Padahal untuk menikah, uang bukan jaminan untuk membuat pasangan tersebut menjadi keluarga yang harmonis.

Tapi tidak dapat dipungkiri, dalam sebuah pernikahan untuk mempersatukan dua keluarga besar yang berbeda ada prosesnya, dan itu semua membutuhkan biaya.

Lazimnya, uang jujuran disediakan oleh pihak pria sebagai modal dan lambang keseriusan untuk mempersunting pihak wanita. Namun, semakin berkembangnya zaman, tingkat pendidikan wanita dan pria semakin setara.

Nominalnya pun sudah diluar logika. Beberapa budaya di Indonesia menyebut nominal uang jujuran harus disesuaikan dengan tingkat pendidikan dan status keluarga dari pihak wanita. Jika si wanita dari keturunan bangsawan, apalagi dari keluarga terpandang, uang jujuran bisa sampai puluhan bahkan ratusan juta.

Fenomena uang jujuran termahal pun turut menjadi kebanggaan tersendiri bagi keluarga calon mempelai.

Besarnya nominal uang jujuran pun membuat tidak sedikit pemuda tercengang. Tidak heran, jika sering kali syarat ini tidak meloloskan pria. Khususnya bagi pria yang berpenghasilan standard.

Biasanya, uang jujuran dipatok berdasarkan besarnya pesta yang akan digelar untuk rangkaian pernikahan. Seperti dekorasi akad nikah, resepsi, catering, make-up, baju pengantin, perhiasan, dan seserahan lainnya. Jika menginginkan pesta pernikahan yang meriah, tentu saja harus siap dengan kantong ekstra tebal.

Farhat (bukan nama sebenarnya), bersedia berbagi pengalaman pahit yang pernah dialaminya kepada Radar Tarakan.

Di tahun 2004 silam, Farhat menjalin hubungan dengan seorang wanita yang dikenalnya saat masih duduk di bangku sekolah menengah atas (SMA). Seperti remaja umumnya, cinta monyet yang berlangsung putus nyambung, dan sempat menjalani hubungan jarak jauh. Tapi justru membuat mereka semakin dekat.

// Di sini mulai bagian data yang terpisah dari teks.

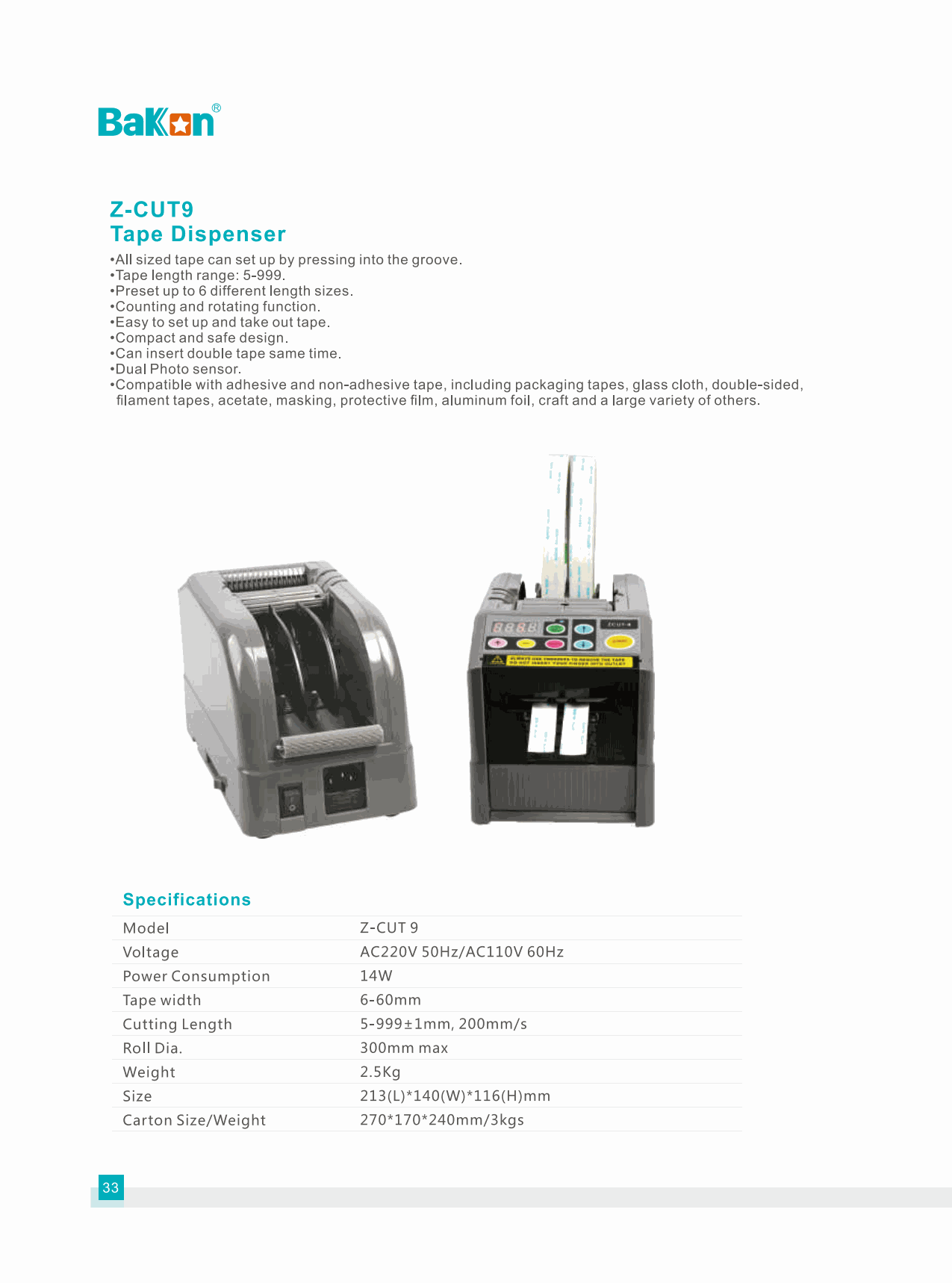 Bakon Z-CUT 9 Tape Dispenser (5-999±1mm) | EMIN.CO.TH
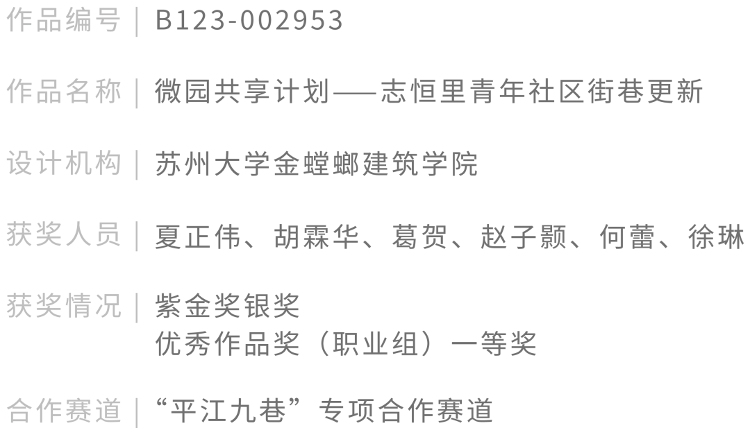 第十届银奖作品荐读 | 微园共享计划——志恒里青年社区街巷更新【苏州大学金螳螂建筑学院】

Masa pacaran yang berlangsung lima tahun, membuat mereka yakin untuk membangun komitmen saling setia dan hidup bersama. Rancangan pesta pernikahan pun sudah menghiasi pikiran Farhat, seperti menjadi hiburan manis di sela sibuknya bekerja sebagai buruh pabrik.

Berpenghasilan tidak lebih dari Rp. 2.500.000 per bulan, ditambah beban cicilan motor dan biaya kebutuhan hidup sehari-hari lainnya membuatnya hanya dapat menyisihkan kurang lebih Rp.800.000 per bulan sebagai uang jujuran.

Meskipun telah menjalin hubungan cukup lama dengan kekasihnya, ternyata tidak menjamin niat baiknya sesuai dengan harapan.

Kurang lebih satu tahun, Farhat giat menabung. Uangnya pun sudah terkumpul Rp.10 juta dan menjadi modal awal untuk bertemu dengan pihak keluarga wanita. Tidak hanya itu, beberapa bantuan dana pun mengucur dari sejumlah kerabatnya. Anak sulung dari dua bersaudara ini pun semakin percaya diri untuk melamar kekasihnya.

Kesepakatan pertemuan pertama pun telah diatur kedua belah pihak keluarga. Saat waktunya tiba, sejumlah kerabat Farhat siap untuk mendatangi kediaman keluarga pihak wanita.

Proses ini biasa dikenal dengan istilah melamar. Ini adalah langkah awal dalam proses menuju pernikahan. Tidak ada kecemasan sedikit pun yang tergambar di raut wajah Farhat saat itu. Sembari menunggu perwakilan keluarganya kembali, tidak banyak yang dilakukannya, hanya mengobrol santai dan saling bertukar kabar dengan sang kekasih.

Nggak ada pikiran jelek sama sekali, mungkin karena saya merasa sudah kenal baik dengan keluarganya, apalagi kami berpacaran sudah dari zaman sekolah,” ujarnya.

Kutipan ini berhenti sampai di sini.